# Stored data
======
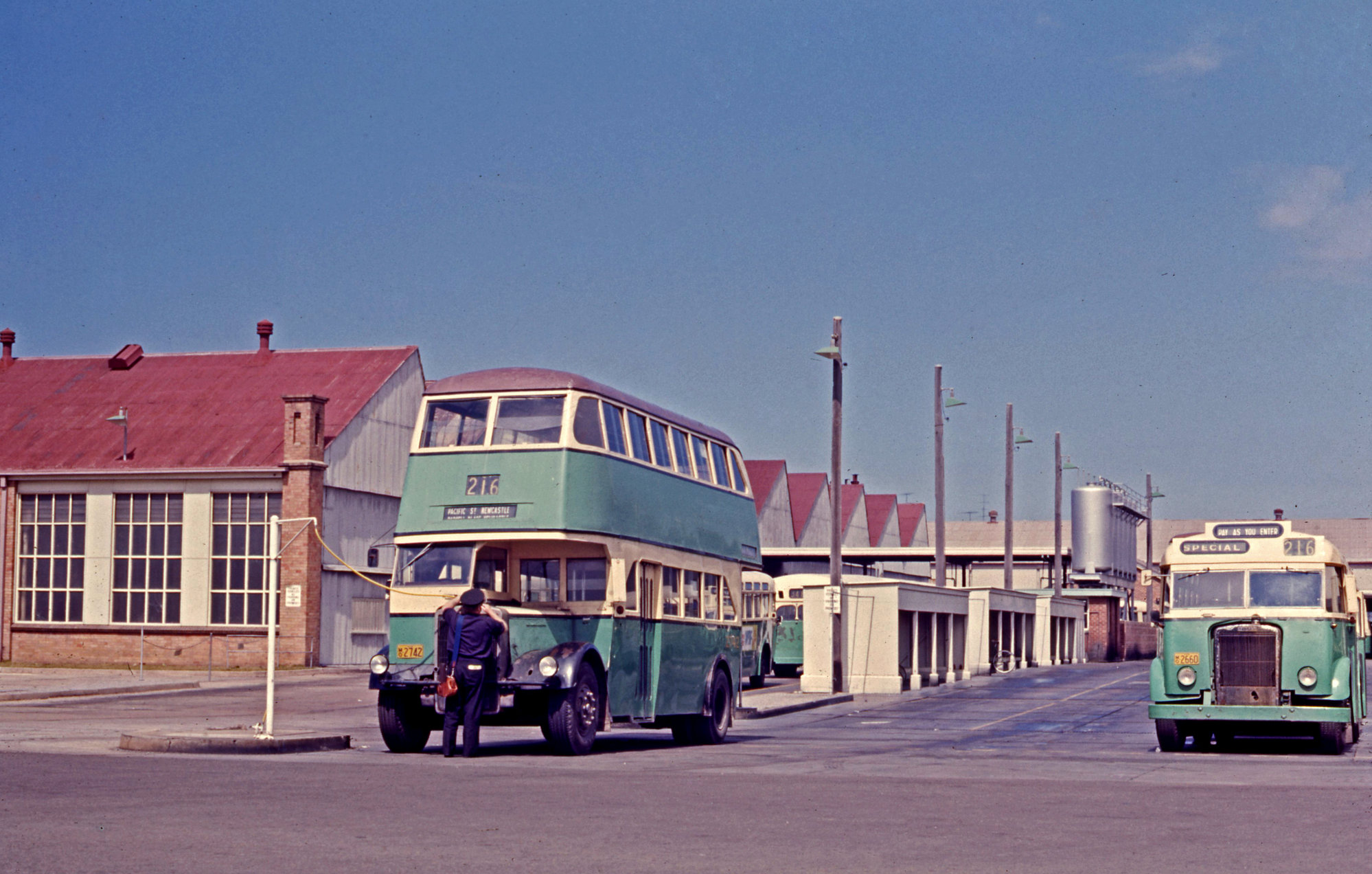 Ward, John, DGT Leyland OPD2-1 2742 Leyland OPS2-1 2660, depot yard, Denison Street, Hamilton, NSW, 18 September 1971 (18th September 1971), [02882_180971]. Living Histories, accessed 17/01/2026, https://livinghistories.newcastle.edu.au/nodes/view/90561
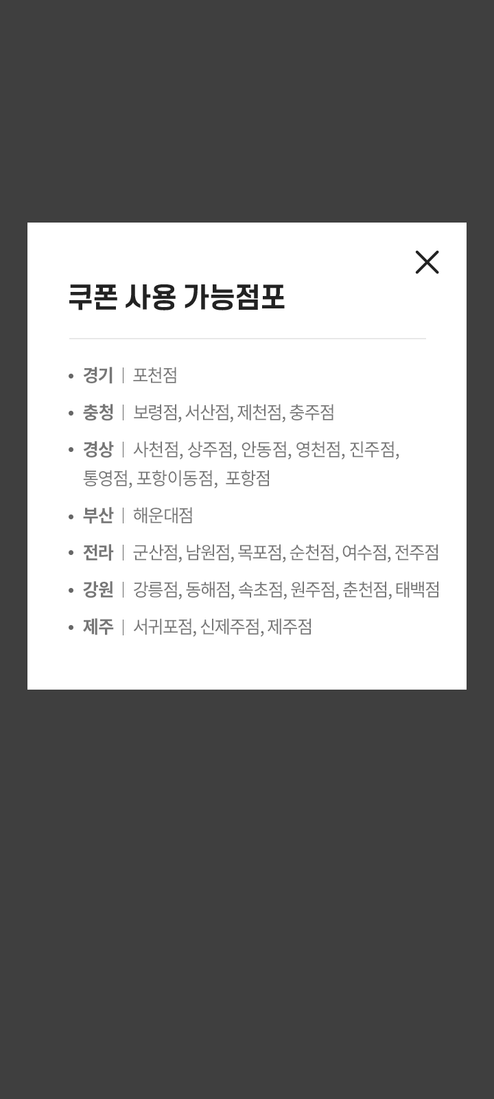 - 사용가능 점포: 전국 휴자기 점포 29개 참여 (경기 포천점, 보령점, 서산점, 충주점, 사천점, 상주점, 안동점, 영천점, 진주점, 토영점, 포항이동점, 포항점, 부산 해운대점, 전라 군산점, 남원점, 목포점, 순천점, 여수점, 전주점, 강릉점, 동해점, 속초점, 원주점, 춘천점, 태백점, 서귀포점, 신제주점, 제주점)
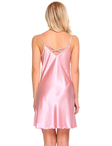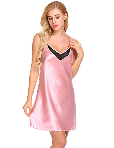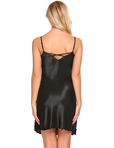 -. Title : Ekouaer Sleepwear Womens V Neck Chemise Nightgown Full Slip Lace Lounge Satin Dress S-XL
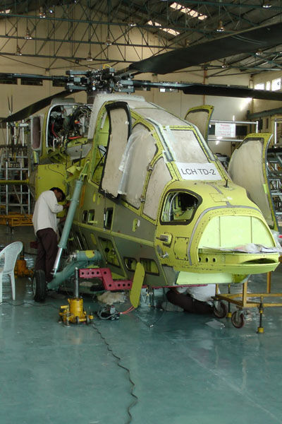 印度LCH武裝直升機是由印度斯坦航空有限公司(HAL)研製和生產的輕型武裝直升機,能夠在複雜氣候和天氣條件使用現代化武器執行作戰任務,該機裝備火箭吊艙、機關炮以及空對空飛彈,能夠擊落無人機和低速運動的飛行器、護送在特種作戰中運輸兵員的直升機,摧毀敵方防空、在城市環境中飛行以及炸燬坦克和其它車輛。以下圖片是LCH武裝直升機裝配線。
======
# Aim of the exercise
Only the lines from the one containing "-. Title : Ekouaer" through the last line of the material should be returned, exactly and without pictures.

# Solution for this task
 -. Title : Ekouaer Sleepwear Womens V Neck Chemise Nightgown Full Slip Lace Lounge Satin Dress S-XL
 印度LCH武裝直升機是由印度斯坦航空有限公司(HAL)研製和生產的輕型武裝直升機,能夠在複雜氣候和天氣條件使用現代化武器執行作戰任務,該機裝備火箭吊艙、機關炮以及空對空飛彈,能夠擊落無人機和低速運動的飛行器、護送在特種作戰中運輸兵員的直升機,摧毀敵方防空、在城市環境中飛行以及炸燬坦克和其它車輛。以下圖片是LCH武裝直升機裝配線。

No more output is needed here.